#### [Information]
######
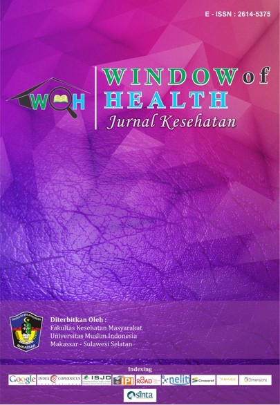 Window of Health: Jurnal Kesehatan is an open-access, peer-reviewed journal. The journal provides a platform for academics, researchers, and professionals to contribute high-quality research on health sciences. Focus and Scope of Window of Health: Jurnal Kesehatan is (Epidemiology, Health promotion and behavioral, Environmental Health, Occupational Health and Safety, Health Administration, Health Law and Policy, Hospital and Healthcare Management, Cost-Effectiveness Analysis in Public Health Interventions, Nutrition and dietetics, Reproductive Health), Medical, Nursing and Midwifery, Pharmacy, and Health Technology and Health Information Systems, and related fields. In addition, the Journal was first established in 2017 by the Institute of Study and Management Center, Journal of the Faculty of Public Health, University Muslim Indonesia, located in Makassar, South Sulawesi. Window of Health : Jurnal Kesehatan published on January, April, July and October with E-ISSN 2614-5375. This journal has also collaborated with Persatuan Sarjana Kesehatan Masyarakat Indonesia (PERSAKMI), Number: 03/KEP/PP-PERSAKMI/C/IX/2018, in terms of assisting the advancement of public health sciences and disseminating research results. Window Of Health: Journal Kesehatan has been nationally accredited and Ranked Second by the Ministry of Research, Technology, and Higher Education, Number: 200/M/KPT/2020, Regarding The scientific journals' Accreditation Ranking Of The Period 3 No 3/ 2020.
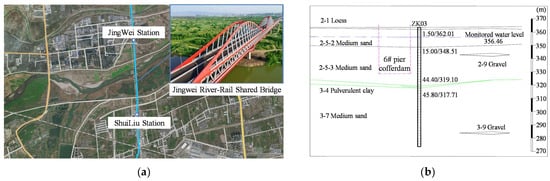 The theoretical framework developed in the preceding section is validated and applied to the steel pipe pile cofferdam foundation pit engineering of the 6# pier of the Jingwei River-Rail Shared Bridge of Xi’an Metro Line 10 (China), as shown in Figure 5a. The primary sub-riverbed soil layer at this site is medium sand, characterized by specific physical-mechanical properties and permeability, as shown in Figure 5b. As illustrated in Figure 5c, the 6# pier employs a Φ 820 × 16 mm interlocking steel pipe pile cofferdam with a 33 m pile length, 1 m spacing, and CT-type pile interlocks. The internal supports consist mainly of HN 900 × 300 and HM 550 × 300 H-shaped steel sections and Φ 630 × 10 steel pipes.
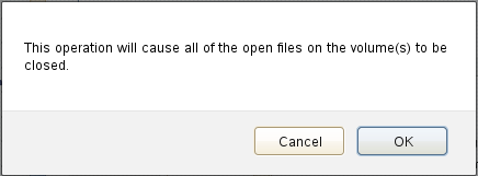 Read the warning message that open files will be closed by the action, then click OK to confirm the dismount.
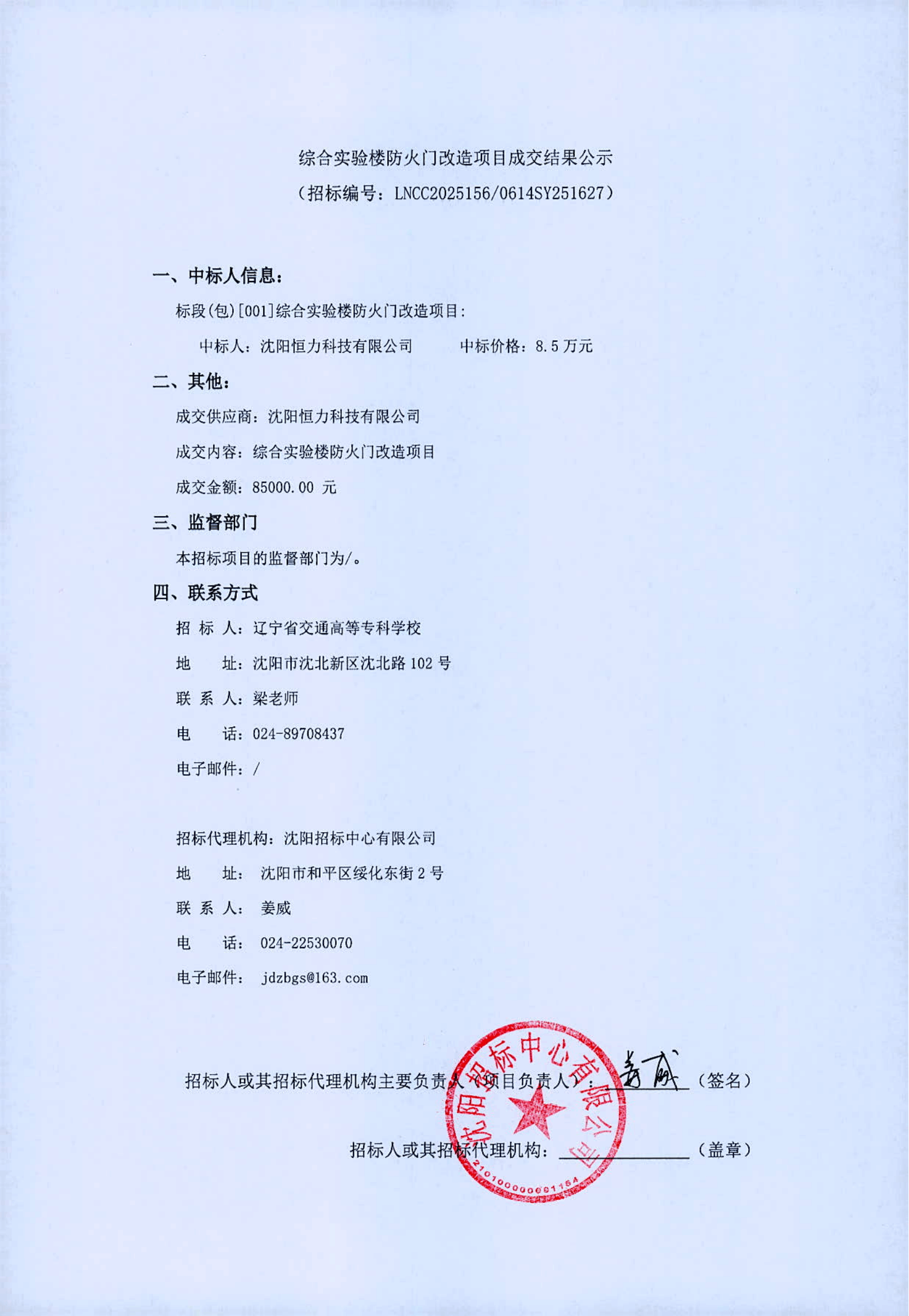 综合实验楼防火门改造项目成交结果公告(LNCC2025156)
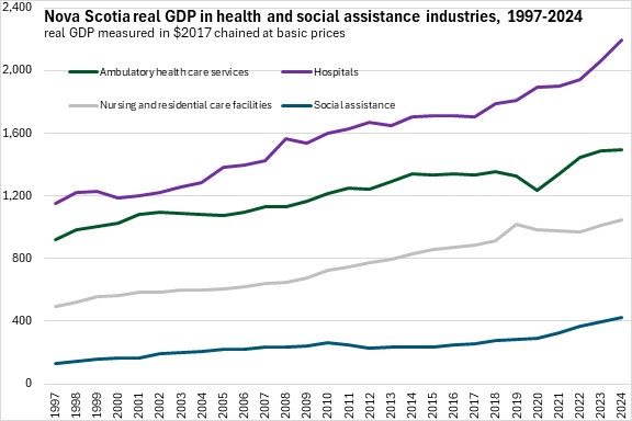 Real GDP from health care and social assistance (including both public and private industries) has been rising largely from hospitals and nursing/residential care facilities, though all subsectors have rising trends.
######
#### [To do]
Could you transcribe exactly the lines running from the one with "综合实验楼防火门改造项目成交结果公告(LNCC2025156)" to the final line of the material above, both included, with no pictures?

#### [Task response]
 综合实验楼防火门改造项目成交结果公告(LNCC2025156)
 Real GDP from health care and social assistance (including both public and private industries) has been rising largely from hospitals and nursing/residential care facilities, though all subsectors have rising trends.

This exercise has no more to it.